**Required action:**
Your answer must be an exact copy of the lines from the one containing "Среди млекопитающих ярко" through the last line of the records below, with no pictures; please include nothing else.

**Exercise data:**
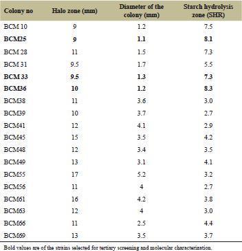 The halo zone formation and SHR led to selection of 18 bacterial strains (BCM10, 25, 28, 31, 33, 36, 38, 39, 41, 45, 48, 49, 55, 56, 61, 63, 66, and 69) for secondary screening (Table 1).
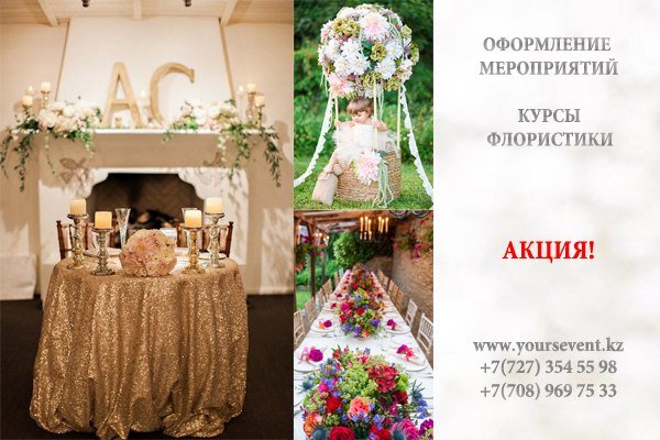 Оформление мероприятий. Курсы по флористики Вы давно любите цветы и хотите создавать ароматные шедевры? Тогда спешите! Наше агентство объявляет набор на курсы «Флористики». Привести с собой друга и получите скидку на курс 40%!
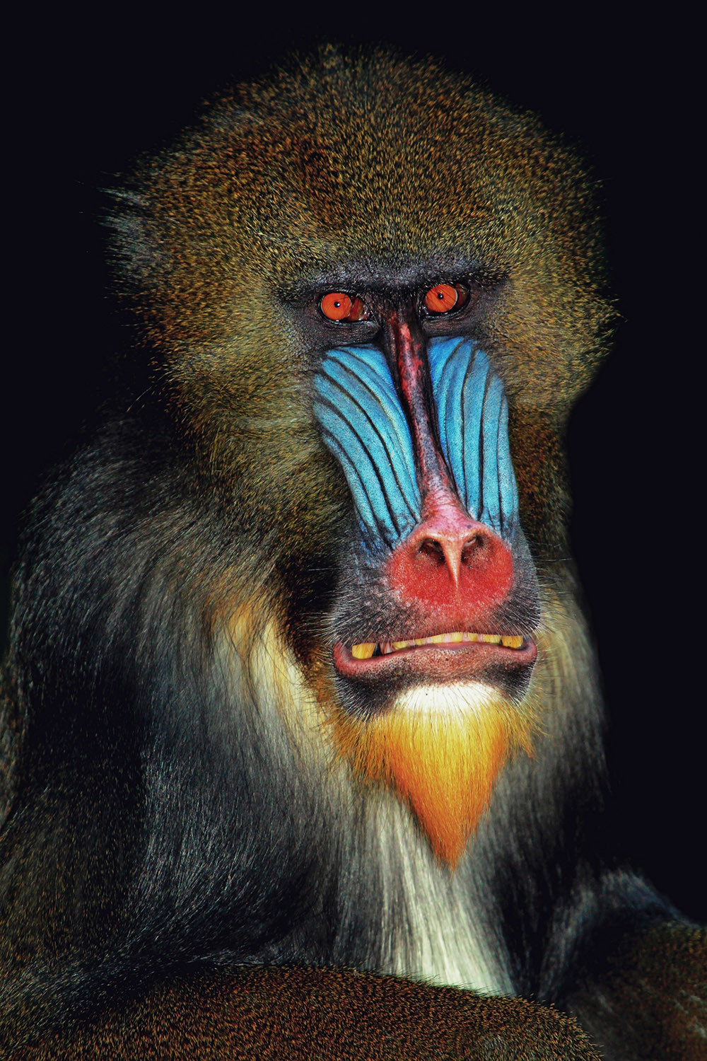 Среди млекопитающих ярко окрашенные виды – редкость, ведь и набор пигментов у них скудный, и цветовых рецепторов всего два типа. Внешность самца мандрила из африканских дождевых лесов – шедевр боди-арта: красный нос, обрамленный синими полосами, светло-голубые или фиолетовые ягодицы. Самки окрашены куда скромнее, что наводит на мысль о том, что: окраска самца – результат полового отбора.
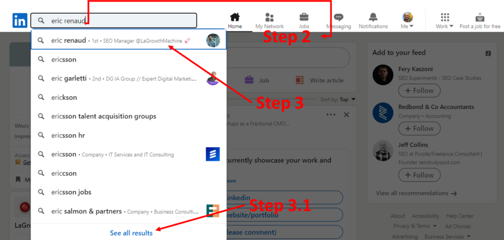 Step 3.1: Or click “See all results” for a complete list of matching profiles
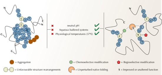 To retain enzymatic function, chemical modifications of proteins require a tight control over the reaction conditions. Modifications must proceed in aqueous buffered systems and organic solvents should be used with discretion to avoid interfering in protein folding. For the same reasons, pH should be kept near neutrality (6.0 to 8.0) and temperatures below 37 °C. Stoichiometry and concentration are also an issue, as proteins tend to aggregate and thus, should be handled at the µM range (or less) [29,30,31].

**Answer space:**
 Среди млекопитающих ярко окрашенные виды – редкость, ведь и набор пигментов у них скудный, и цветовых рецепторов всего два типа. Внешность самца мандрила из африканских дождевых лесов – шедевр боди-арта: красный нос, обрамленный синими полосами, светло-голубые или фиолетовые ягодицы. Самки окрашены куда скромнее, что наводит на мысль о том, что: окраска самца – результат полового отбора.
 Step 3.1: Or click “See all results” for a complete list of matching profiles
 To retain enzymatic function, chemical modifications of proteins require a tight control over the reaction conditions. Modifications must proceed in aqueous buffered systems and organic solvents should be used with discretion to avoid interfering in protein folding. For the same reasons, pH should be kept near neutrality (6.0 to 8.0) and temperatures below 37 °C. Stoichiometry and concentration are also an issue, as proteins tend to aggregate and thus, should be handled at the µM range (or less) [29,30,31].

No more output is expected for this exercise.